И она продолжала говорить сдавленным голосом, обрывая фразы, в наивном порыве она открывала всю свою душу, накипающая страсть увлекала ее. Любовь взывала ее устами. Если она осмелела до такой степени, то потому, что была целомудренна. Мало-помалу она отважилась поднять голову.

– Монсеньер, мы любим друг друга. Он, наверно, уже рассказал вам, как это случилось. Я часто спрашиваю себя о том же и не нахожу ответа… Мы любим друг друга, и если это – преступление, то простите нас, потому что в этом виноваты не мы, виноваты камни, деревья, все, что нас окружает. Когда я узнала, что люблю его, было уже поздно, я уже не могла разлюбить… Разве можно требовать этого сейчас? Вы можете отнять его у меня, женить его на другой, но вы не заставите его разлюбить меня. Он умрет без меня, и я без него умру. Его может не быть около меня, и все-таки я знаю, что он существует, я знаю, что нас нельзя разлучить, что каждый из нас уносит с собой сердце другого. Стоит мне только закрыть глаза, и я вижу его: он во мне… И вы разлучите нас, вы разорвете эту связь? Монсеньер, это небесная воля, не мешайте нам любить друг друга.

Епископ глядел на эту простую девушку в скромном платье работницы, овеянную благоуханием свежести и душевной чистоты. Он слушал, как она проникновенным, чарующим, час от часу крепнувшим голосом поет гимн любви. Широкополая шляпа спустилась на ее плечи, белокурые волосы золотым сиянием окружали лицо – и она показалась монсеньеру похожей на девственницу из старинного требника, в ней была какая-то особенная хрупкость, наивная прелесть, пламенный взлет чистой страсти.

– Монсеньер, будьте же добры к нам… Вы хозяин нашей судьбы, сделайте нас счастливыми.

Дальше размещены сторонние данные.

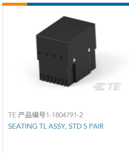
TE 产品编号1-1804791-2 SEATING TL ASSY, STD 5 PAIR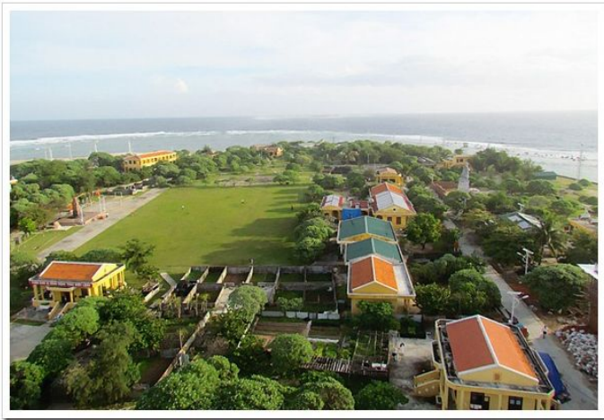
Đảo Song Tử Tây nhìn từ trên cao

Он не произносил ни слова, не шевелился, и умолявшая его Анжелика, видя его холодность, вновь опустила голову. О, чего только не пробуждал в нем этот отчаявшийся ребенок, стоявший на коленях у его ног, какой аромат юности исходил от этой склонившейся перед ним головки! Он видел белокурые завитки волос на затылке, – когда-то он безумно целовал такие же завитки. У той, воспоминание о которой так мучило его после двадцатилетнего покаяния, была такая же гордая, изящная, как стебель лилии, шея, от нее исходил тот же аромат благоухающей юности. Она воскресла – это она рыдала у его ног, это она умоляла его пощадить ее любовь.

Слезы покатились по щекам Анжелики. Но она продолжала говорить, она хотела высказаться до конца:

– Монсеньер, я люблю не только его самого, я люблю его благородное имя и блеск его царственного богатства… Да, я знаю: я – ничто, у меня ничего нет, и может показаться, что я хочу его денег; и это правда: я люблю его и за то, что он богат… Я признаюсь в этом, потому, что хочу, чтобы вы узнали меня… О, быть богатой благодаря ему и вместе с ним жить в блеске, в сиянии роскоши, быть обязанной ему всеми радостями, быть свободными в нашей любви, не допускать, чтобы рядом с нами жили горе и нищета!.. С тех пор как он полюбил меня, я вижу себя одетой в парчу, как одевались в давние времена; драгоценные камни и жемчуга струятся по моей шее, по запястьям; у меня лошади, кареты, я гуляю в большом лесу, и за мною следуют пажи… Когда я думаю о нем, передо мной всегда возникает эта мечта; и я повторяю себе, что это должно исполниться; я мечтала быть королевой – и он осуществил мою мечту. Монсеньер, разве это дурно – любить его еще больше за то, что в нем воплотились все мои детские желания, что, как в волшебной сказке, потоки золота полились на меня?

Она гордо выпрямилась, она была очаровательно проста и величественна, как настоящая принцесса, и монсеньер глядел на нее. Это была та, другая, – та же хрупкость цветка, то же нежное, омытое слезами, но светлое лицо. Пьянящее очарование исходило от Анжелики, и монсеньер чувствовал, как лица его коснулось теплое дуновение – трепет воспоминаний, мучивших его по ночам, заставлявших его рыдать на своей молитвенной скамеечке и нарушать стонами благоговейную тишину епископства. Еще накануне он боролся с собой до трех часов утра; и вот эта любовная история, эта мучительно волнующая страсть опять разбередила его незаживающую рану. Но внешне монсеньер был бесстрастен, его неподвижное лицо не выражало ничего, ничто не выдавало внутренней борьбы, мучительных усилий подавить биение сердца. Если он каплю за каплей терял свою кровь, то никто не заметил бы этого: он только делался все бледней, и губы его все плотнее смыкались.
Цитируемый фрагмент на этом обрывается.